On this day in 1992, 1,800 United States Marines arrive in Mogadishu, Somalia, to spearhead a multinational force aimed at restoring order in the conflict-ridden country.
Following centuries of colonial rule by countries including Portugal, Britain and Italy, Mogadishu became the capital of an independent Somalia in 1960. Less than 10 years later, a military group led by Major General Muhammad Siad Barre seized power and declared Somalia a socialist state. A drought in the mid-1970s combined with an unsuccessful rebellion by ethnic Somalis in a neighboring province of Ethiopia to deprive many of food and shelter. By 1981, close to 2 million of the country’s inhabitants were homeless. Though a peace accord was signed with Ethiopia in 1988, fighting increased between rival clans within Somalia, and in January 1991 Barre was forced to flee the capital. Over the next 23 months, Somalia’s civil war killed some 50,000 people; another 300,000 died of starvation as United Nations peacekeeping forces struggled in vain to restore order and provide relief amid the chaos of war.

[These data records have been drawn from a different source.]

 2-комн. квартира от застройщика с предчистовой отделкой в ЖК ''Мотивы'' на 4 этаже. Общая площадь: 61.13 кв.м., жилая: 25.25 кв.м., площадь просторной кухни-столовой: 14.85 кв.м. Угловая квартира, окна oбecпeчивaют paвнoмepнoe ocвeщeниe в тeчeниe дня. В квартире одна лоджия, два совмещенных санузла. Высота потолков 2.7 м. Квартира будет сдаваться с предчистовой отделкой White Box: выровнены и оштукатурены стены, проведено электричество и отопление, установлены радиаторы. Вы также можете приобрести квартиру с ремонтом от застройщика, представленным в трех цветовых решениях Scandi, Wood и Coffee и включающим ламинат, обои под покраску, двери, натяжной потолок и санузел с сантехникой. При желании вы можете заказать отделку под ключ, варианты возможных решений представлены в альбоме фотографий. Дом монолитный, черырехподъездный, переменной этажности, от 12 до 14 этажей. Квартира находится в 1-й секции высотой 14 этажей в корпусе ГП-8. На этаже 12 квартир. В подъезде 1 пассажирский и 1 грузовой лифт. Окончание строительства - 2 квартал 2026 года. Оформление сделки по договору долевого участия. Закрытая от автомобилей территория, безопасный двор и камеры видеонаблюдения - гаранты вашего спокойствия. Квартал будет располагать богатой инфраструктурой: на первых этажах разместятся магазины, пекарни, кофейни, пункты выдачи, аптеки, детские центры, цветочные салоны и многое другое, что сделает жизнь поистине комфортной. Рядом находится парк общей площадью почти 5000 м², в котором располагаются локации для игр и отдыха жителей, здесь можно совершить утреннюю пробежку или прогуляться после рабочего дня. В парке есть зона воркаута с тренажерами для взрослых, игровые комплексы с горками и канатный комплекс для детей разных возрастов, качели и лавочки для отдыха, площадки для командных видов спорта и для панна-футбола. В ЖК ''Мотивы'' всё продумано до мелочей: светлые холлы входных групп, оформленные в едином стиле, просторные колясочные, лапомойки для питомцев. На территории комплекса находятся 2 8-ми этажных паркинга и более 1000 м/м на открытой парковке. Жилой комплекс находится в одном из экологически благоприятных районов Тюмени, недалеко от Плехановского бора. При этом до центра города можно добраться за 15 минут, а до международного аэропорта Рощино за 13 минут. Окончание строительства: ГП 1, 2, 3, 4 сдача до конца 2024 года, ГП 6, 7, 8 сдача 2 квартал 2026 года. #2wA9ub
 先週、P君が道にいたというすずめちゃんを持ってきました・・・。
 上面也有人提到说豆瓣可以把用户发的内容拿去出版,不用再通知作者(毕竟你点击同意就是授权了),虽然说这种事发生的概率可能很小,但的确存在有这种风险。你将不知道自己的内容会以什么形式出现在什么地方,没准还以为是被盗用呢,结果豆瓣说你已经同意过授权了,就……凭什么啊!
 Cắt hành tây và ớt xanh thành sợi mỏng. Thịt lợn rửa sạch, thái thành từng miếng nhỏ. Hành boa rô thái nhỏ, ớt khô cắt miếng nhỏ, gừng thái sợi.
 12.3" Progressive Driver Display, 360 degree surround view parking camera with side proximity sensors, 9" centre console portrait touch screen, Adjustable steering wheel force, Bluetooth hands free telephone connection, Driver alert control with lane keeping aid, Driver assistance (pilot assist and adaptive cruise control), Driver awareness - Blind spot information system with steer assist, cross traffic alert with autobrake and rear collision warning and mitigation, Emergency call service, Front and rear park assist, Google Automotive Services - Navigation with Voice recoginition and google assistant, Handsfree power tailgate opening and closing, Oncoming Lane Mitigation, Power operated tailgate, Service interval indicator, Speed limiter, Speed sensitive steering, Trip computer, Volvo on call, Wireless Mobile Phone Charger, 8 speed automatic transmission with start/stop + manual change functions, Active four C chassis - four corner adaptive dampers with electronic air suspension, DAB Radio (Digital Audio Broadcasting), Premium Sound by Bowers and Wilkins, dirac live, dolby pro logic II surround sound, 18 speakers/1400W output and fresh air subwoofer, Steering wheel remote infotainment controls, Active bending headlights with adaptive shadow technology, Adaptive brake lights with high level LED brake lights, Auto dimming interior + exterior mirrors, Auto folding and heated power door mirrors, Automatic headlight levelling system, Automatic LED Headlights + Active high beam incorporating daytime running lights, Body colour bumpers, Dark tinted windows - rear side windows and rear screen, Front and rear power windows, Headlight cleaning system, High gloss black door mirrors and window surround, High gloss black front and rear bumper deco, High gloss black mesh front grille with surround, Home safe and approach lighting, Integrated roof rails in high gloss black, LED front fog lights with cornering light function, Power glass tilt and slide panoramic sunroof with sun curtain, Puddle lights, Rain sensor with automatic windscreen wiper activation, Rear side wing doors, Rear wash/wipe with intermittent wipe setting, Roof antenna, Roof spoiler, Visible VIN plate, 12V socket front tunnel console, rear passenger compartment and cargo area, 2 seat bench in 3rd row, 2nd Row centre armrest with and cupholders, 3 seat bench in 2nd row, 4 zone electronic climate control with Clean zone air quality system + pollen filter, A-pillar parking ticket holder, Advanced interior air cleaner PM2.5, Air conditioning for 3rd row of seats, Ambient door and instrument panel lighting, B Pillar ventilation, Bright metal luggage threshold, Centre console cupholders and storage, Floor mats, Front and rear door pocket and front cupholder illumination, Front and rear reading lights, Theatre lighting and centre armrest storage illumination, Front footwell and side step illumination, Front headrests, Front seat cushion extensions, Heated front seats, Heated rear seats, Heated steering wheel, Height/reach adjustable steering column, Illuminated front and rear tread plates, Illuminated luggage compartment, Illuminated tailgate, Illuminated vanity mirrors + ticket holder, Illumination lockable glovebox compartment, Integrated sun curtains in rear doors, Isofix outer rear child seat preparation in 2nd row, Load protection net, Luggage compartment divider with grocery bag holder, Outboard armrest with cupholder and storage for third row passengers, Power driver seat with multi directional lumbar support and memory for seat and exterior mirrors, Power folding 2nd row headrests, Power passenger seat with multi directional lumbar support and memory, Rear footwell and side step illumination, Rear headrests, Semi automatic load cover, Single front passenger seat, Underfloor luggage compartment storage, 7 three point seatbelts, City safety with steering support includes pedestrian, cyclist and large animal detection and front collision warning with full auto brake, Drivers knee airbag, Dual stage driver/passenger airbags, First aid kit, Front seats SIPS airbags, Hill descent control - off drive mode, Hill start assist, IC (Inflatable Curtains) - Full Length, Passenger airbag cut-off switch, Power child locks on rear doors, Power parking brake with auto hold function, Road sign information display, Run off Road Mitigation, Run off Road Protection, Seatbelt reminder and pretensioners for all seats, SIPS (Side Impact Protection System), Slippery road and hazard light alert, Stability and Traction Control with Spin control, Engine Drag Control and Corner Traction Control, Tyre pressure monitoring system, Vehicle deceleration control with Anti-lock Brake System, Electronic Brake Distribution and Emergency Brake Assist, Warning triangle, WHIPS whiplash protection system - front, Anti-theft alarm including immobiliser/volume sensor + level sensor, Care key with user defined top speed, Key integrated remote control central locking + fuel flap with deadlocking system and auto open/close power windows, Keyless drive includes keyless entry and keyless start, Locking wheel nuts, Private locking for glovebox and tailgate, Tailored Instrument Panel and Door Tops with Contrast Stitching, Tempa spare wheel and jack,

In early December 1992, outgoing U.S. President George H.W. Bush sent the contingent of Marines to Mogadishu as part of a mission dubbed Operation Restore Hope. Backed by the U.S. troops, international aid workers were soon able to restore food distribution and other humanitarian aid operations. Sporadic violence continued, including the murder of 24 U.N. soldiers from Pakistan in 1993. As a result, the U.N. authorized the arrest of General Mohammed Farah Aidid, leader of one of the rebel clans. On October 3, 1993, during an attempt to make the arrest, rebels shot down two of the U.S. Army’s Black Hawk helicopters and killed 18 American soldiers.

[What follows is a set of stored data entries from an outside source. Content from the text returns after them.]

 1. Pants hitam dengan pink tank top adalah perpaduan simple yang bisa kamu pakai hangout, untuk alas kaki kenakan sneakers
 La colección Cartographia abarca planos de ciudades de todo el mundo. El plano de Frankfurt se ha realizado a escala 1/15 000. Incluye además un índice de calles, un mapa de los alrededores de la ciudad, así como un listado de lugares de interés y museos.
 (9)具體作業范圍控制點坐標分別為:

As horrified TV viewers watched images of the bloodshed—-including footage of Aidid’s supporters dragging the body of one dead soldier through the streets of Mogadishu, cheering—-President Bill Clinton immediately gave the order for all American soldiers to withdraw from Somalia by March 31, 1994. Other Western nations followed suit. When the last U.N. peacekeepers left in 1995, ending a mission that had cost more than $2 billion, Mogadishu still lacked a functioning government. A ceasefire accord signed in Kenya in 2002 failed to put a stop to the violence, and though a new parliament was convened in 2004, rival factions in various regions of Somalia continue to struggle for control of the troubled nation.